Any help how to make a condition that if it has "." then end the extraction else take the rest from The rate.

 

 

1 ACCEPTED SOLUTION

Accepted Solutions
ChrisNZ
Tourmaline | Level 20

Like this?

 

data HAVE;
  PRX=prxparse('s/.*(The rate .*?(\.|$)).*/$1/o');
  IN1="If IEE 12 then... set datapoint value for LIME to The rate has or has had one or more of the following condition has not been seen. this is what is not expected"; 
  IN2="If IEE 22 then... set datapoint value for IETEST to The rate has or has had one or more of the following conditions that:- neurological disorder";
  OUT1=prxchange(PRX,1,IN1); put OUT1=;
  OUT2=prxchange(PRX,1,IN2); put OUT2=;
run; 

OUT1=The rate has or has had one or more of the following condition has not been seen.
OUT2=The rate has or has had one or more of the following conditions that:- neurological disorder

 

The regular expression reads as:

s                             substitution requested

/                              start of match pattern

.*                             any number of characters

(The rate .*?(\.|$))  then a group made of: The rate

                                                            then space                                                             

                                                .*?        then any number of characters    (but don't try to match all of them)

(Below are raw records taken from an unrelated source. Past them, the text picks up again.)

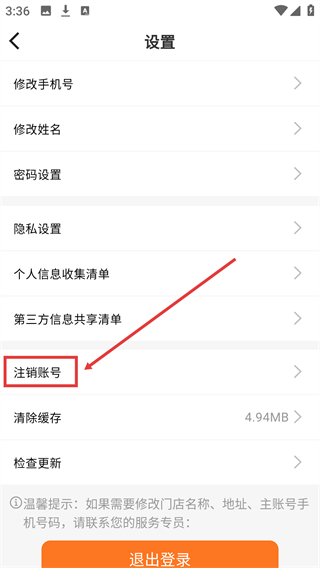 3、在【设置】页面找到【注销账号】选项,点击该选项可触发账号注销的确认弹窗,准备进行注销操作。
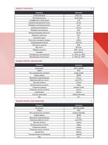 | Разъем | SMA-male/5D, SMA-female/5D |
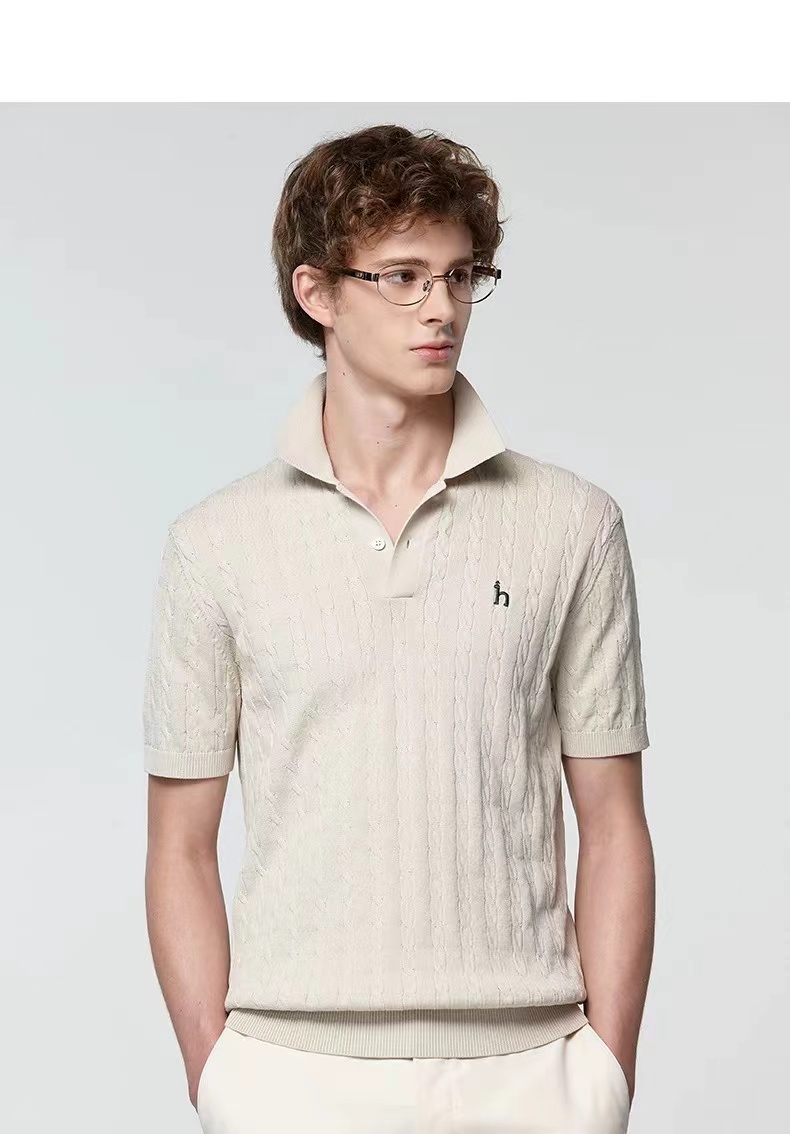 男士绞花短袖POLO翻领针织衫夏季通勤老钱风休闲上衣,面料:82.8%棉17.2%涤纶,这款毛衣的设计兼具了休闲舒适感与时尚气质,本季的主推款式。翻领”和“绞花”是这款毛衣醉大的两个设计亮点。精典的阿兰编织手法,赋予毛衣立体感和复古学院风。POLO衫式的纽扣翻领,打造干练又减龄的造型。采用优质羊毛混纺,保证保暖性的同时兼顾亲肤感和抗起球能力。实穿性与搭配 非常百搭,可内搭衬衫露出领口,或直接单穿。下装可搭配牛仔裤、休闲裤或西裤!适用于通勤、休闲等多种场合。
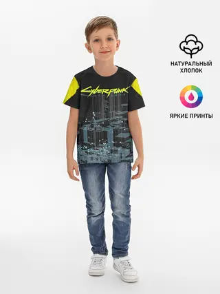 Детская базовая футболка / Город CYBERPUNK 2077
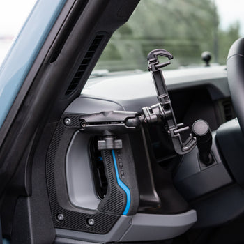 The RAM® Grab Handle Bolt Adapter Base is the ideal base for installing RAM® Mounts on any vehicle's grab handle that features an M6 threaded bolt. With a hollow center, you are able to feed the 6mm bolt or smaller to screw into your vehicle's grab handle for a stable mounting base with no drilling required. Keep your windshield clean, and your phone mount out of the way with this grab handle mount for phones, GPS devices, GoPro® cameras, and more! Confirmed fitment for this product include the Toyota Tundra, Ford F-150, and all Ford Bronco models including the base model, Big Bend, Black Diamond, Outer Banks, Badlands, Wildtrak, Everglades, Heritage, and Raptor—however any vehicle which employs a 6mm bolt or smaller on its structure is compatible with this product. A smaller bolt can be used, though the load capacity decreases with the bolt size.
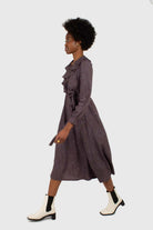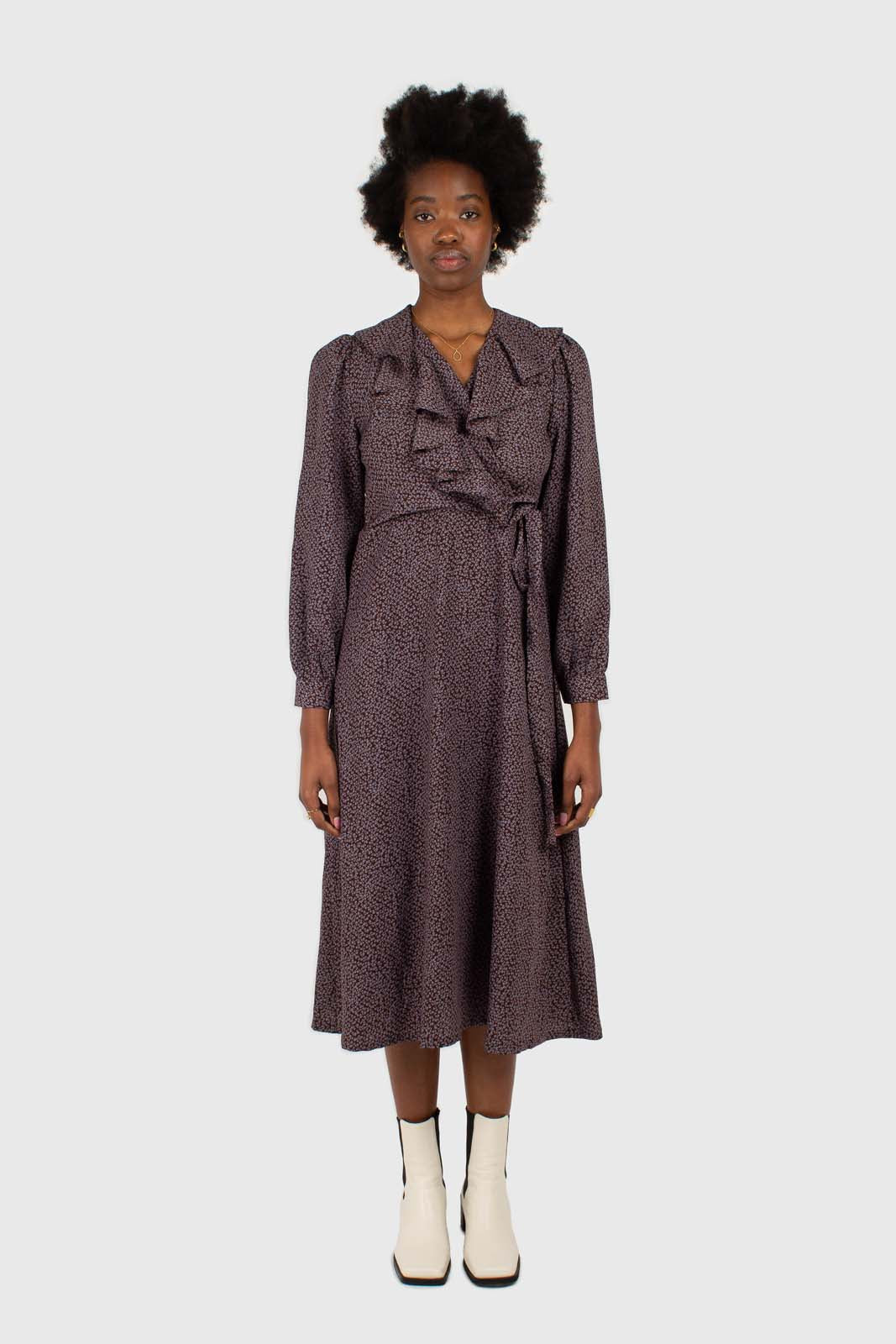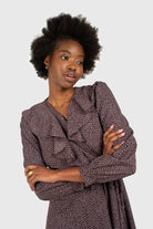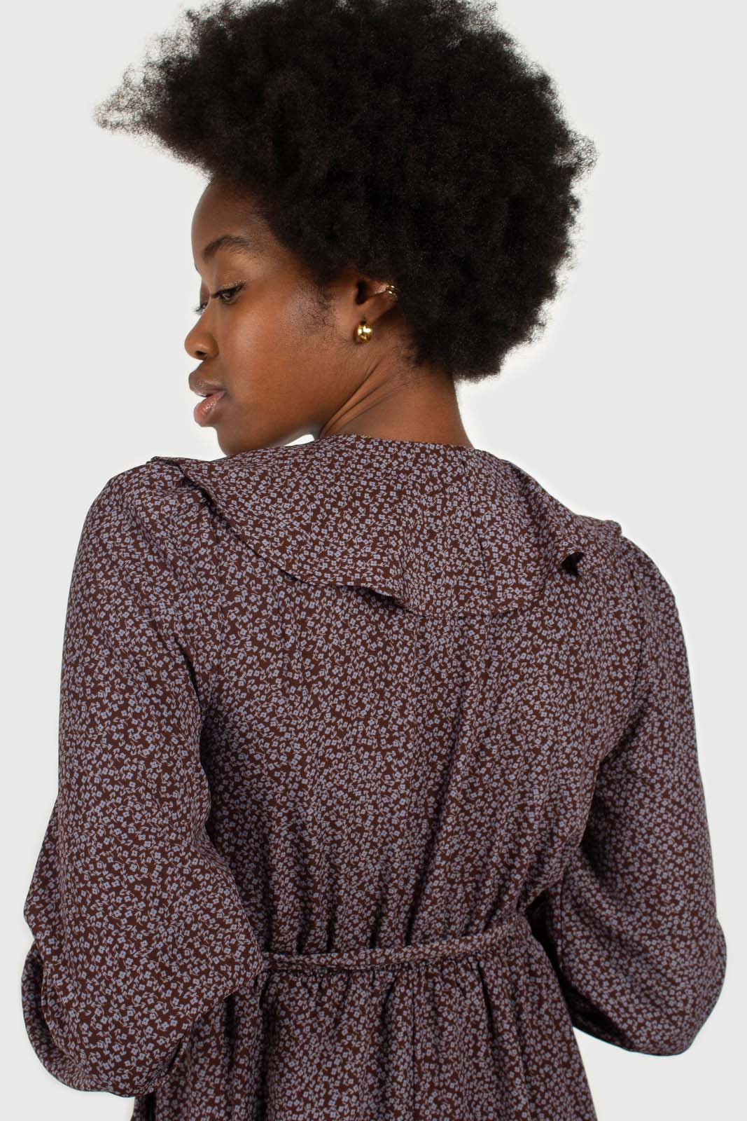 Brown and blue floral ruffle v-neck long sleeved maxi dress

                                               (\.|$)      then either a dot or the end of the string

.*   any number of characters

/    end of match pattern, start of replace pattern

$1 replace match with first group

/    end of replace pattern

o   only compile once

 

Regular expressions look complex but are worth learning when handling strings, as they they are so powerful

 

View solution in original post

10 REPLIES 10
ChrisNZ
Tourmaline | Level 20

Like this?

 

data HAVE;
  PRX=prxparse('s/.*(The rate .*?(\.|$)).*/$1/o');
  IN1="If IEE 12 then... set datapoint value for LIME to The rate has or has had one or more of the following condition has not been seen. this is what is not expected"; 
  IN2="If IEE 22 then... set datapoint value for IETEST to The rate has or has had one or more of the following conditions that:- neurological disorder";
  OUT1=prxchange(PRX,1,IN1); put OUT1=;
  OUT2=prxchange(PRX,1,IN2); put OUT2=;
run; 

OUT1=The rate has or has had one or more of the following condition has not been seen.
OUT2=The rate has or has had one or more of the following conditions that:- neurological disorder

 

The regular expression reads as:

s                             substitution requested

/                              start of match pattern

.*                             any number of characters

(The rate .*?(\.|$))  then a group made of: The rate

                                                            then space                                                             

                                                .*?        then any number of characters    (but don't try to match all of them)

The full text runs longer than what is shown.